Rubens, Poussin et les peintres du XVIIe

Le musée Jacquemart-André présente une exposition très intéressante sur l’art du XVIIe siècle. En quelques salles, nous découvrons comment des mouvements artistiques peuvent évoluer et s’influencer.

Nous commençons avec le baroque flamand, lui même inspiré du baroque italien. Un des maîtres de cette période est Rubens, il vient en France à la demande d’Henri IV et surtout de de Marie de Médicis et réalise en 1625 une série pour le Louvre. L’expo présente une Allégorie du bon gouvernement qui évoque la régente.
Nous retrouvons dans ces toiles les caractéristiques de l’art flamand, le gout des compositions, des paysages, le rendu des étoffes mais aussi les jeux de lumières. Les peintres flamands raflent les commandes officielles, les français apprennent auprès d’eux et l’expo nous permet de comparer les mêmes thèmes traités par des français ou des flamands, ceux-ci emportent la palme (magnifique tableau de Snyders : Un chien défend sa proie). Je découvre à cette occasion que Philippe de Champaigne est considéré comme un peintre flamand, il a tout appris chez eux.

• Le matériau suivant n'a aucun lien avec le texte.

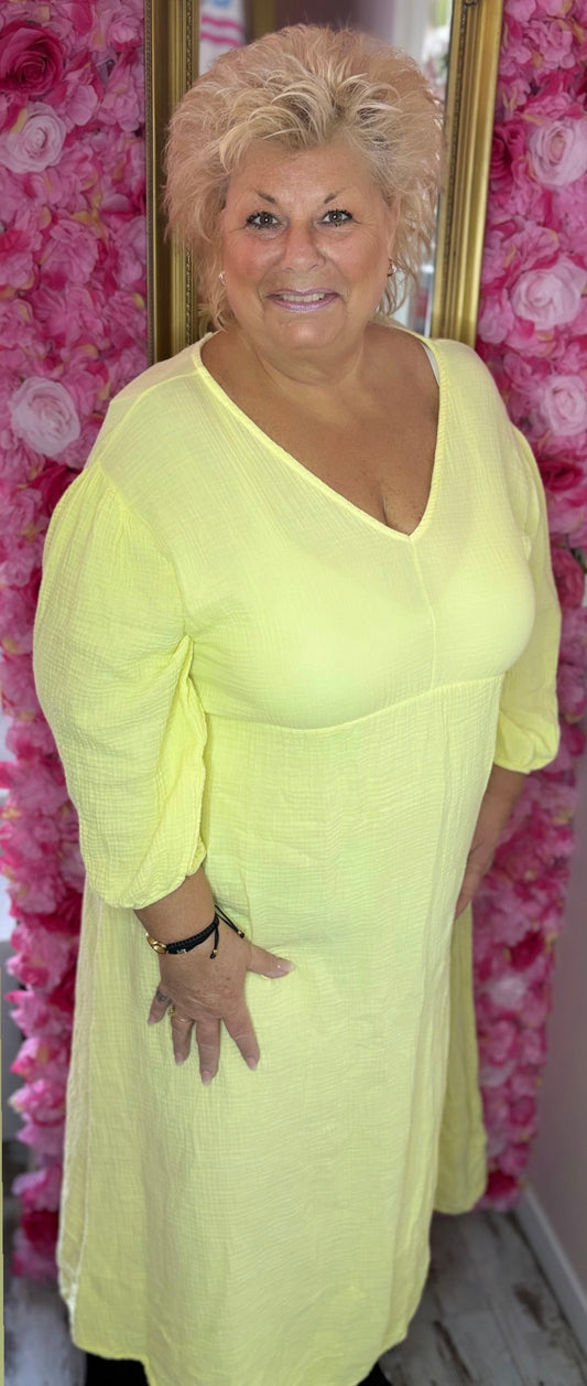 Lange Jurk Summer Geel Maat 48 t/m 54-56

Les peintre flamands, principalement basés à Anvers, exportent beaucoup, or la guilde des peintres régente la commercialisation des œuvres sur Paris et cherche à leur faire barrage, aussi ils s’installent au faubourg Saint Germain, rejoints par les peintres provinciaux rejetés de Paris. Cela crée une proximité et comme il y a des amateurs pour les scènes de genre flamandes, les artistes en font aussi, notamment les frères Le Nain.

La mise en valeur des antiquités et leur intégration à l’art marque l’arrivée du classicisme. C’est un courant marqué aussi par des compositions assez strictes illustré notamment par Nicolas Poussin, mais aussi Le Lorrain ou Charles Lebrun. C’est drôle de constater que Poussin, peintre représentatif de l’art français a fait quasiment toute sa carrière à Rome.

L’intérêt de cette expo est aussi de nous montrer comment le classicisme a été exporté en Flandres, via Liège, et de découvrir les dernières toiles qui représentent des scènes classiques traitées avec certains codes de la peinture flamande.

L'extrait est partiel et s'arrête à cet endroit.